Following issues relating to the AD primary elections which he perceived as undemocratic, Mimiko left the party and pulled out his political structure.
By 2003, Agagu, the Ondo State gubernatorial candidate of the PDP, having failed to win the governorship election in 1999, needed to forge political alliances with influencers in the State. Mimiko was perceived as crucial to the realisation of Agagu's ambition and an accord was struck with him, which political analysts believe was key to Agagu dislodging Adefarati in the 2003 elections. In April 2003, the erstwhile unpopular PDP won, and Olusegun Agagu became the governor of Ondo State.

===Secretary to the Ondo State Government===
Mimiko was appointed the secretary to the Ondo State Government (SSG) in 2003. He held this position until July 2005, when he was appointed by Olusegun Obasanjo as the Federal Minister of Lands, Housing and Urban Development.

Mimiko as SSG represented Agagu for official duties more often than the deputy governor, Otunba Omolade Oluwateru, did. Mimiko was a key player in the formation of the administration's Road Map to Progress, which situated the administration's intended achievements within a specified period of time. The State's initiative to rescue the education sector was Mimiko's brain child. Mimiko stated later that Governor Agagu's decision to run for a second term came as a surprise to him as he had put aside his gubernatorial ambition to support Agagu on the condition that Agagu would serve a term of office and support Mimiko to take over in 2007.

In 2005, after the sack of the Federal Minister of Housing from Ondo State, Alice Mobolaji Osomo, by President Obasanjo, and the disqualification of Governor Agagu's replacement nominee, Ambassador Bayo Yusuf, by the Senate during a screening process,

 Olusegun Mimiko was nominated by President Obasanjo for the position, and confirmed by the Senate as Minister of Lands, Housing, and Urban Development.
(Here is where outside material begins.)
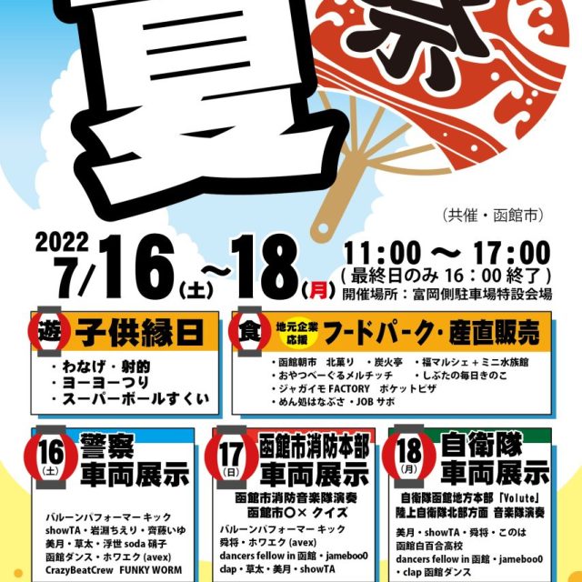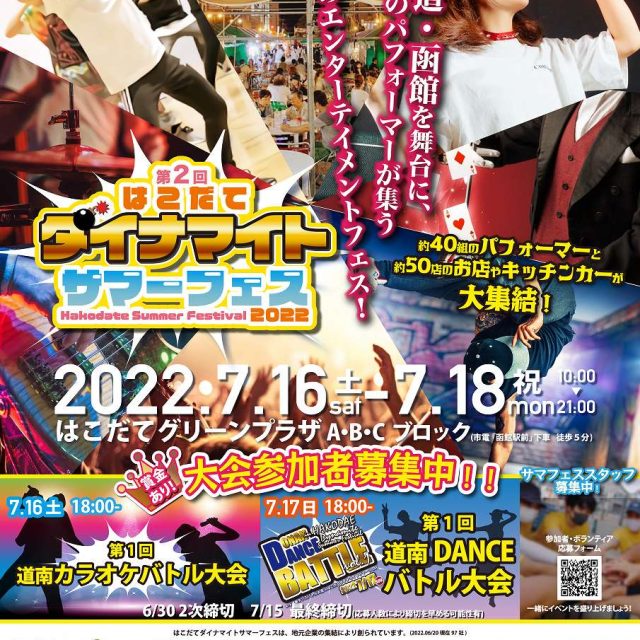 イベント 【日程変更あり】第2回 はこだてダイナマイトサマーフェス2022 7月16日(土)~7月18日(月) 7月16日(土)、17日(日)、18日(月)の3日間、はこだてグリーンプラザで開催の【第2回 はこだてダイナマイトサマーフェス2022】ご紹介しています♪DANCEや歌のパフォーマンスの他、キッチンカーやグルメも楽しめるイベントです♪ おやこキッズショッピング体験見る食べる 2022.06.22 おやこイベントキッズ

===Minister for Housing and Urban Development===
Mimiko coordinated the Obasanjo administration's Reform Programme in the Housing and Urban Development sector, bringing about a shift in policy from direct construction of houses by the government, to increased involvement of the private sector; redevelopment of government landed properties through private sector real estate developers to increase housing stock; and a focus on the mortgage sector in the ongoing re-organization of Nigeria's financial system.
Mimiko managed the gradual withdrawal of government from direct provision of residential housing to public servants through the monetization policy; the re-organization and re-capitalization of the Federal Mortgage Bank of Nigeria for more robust operation; and the enhancement of the operations of the National Housing Fund (NHF). The re-positioning of the Federal Housing Authority (FHA); the creation of an enabling environment for sustainable mass production of houses through the National Housing Data Bank, and a framework for housing delivery and urban management through co-operatives, and the Social Housing Programme.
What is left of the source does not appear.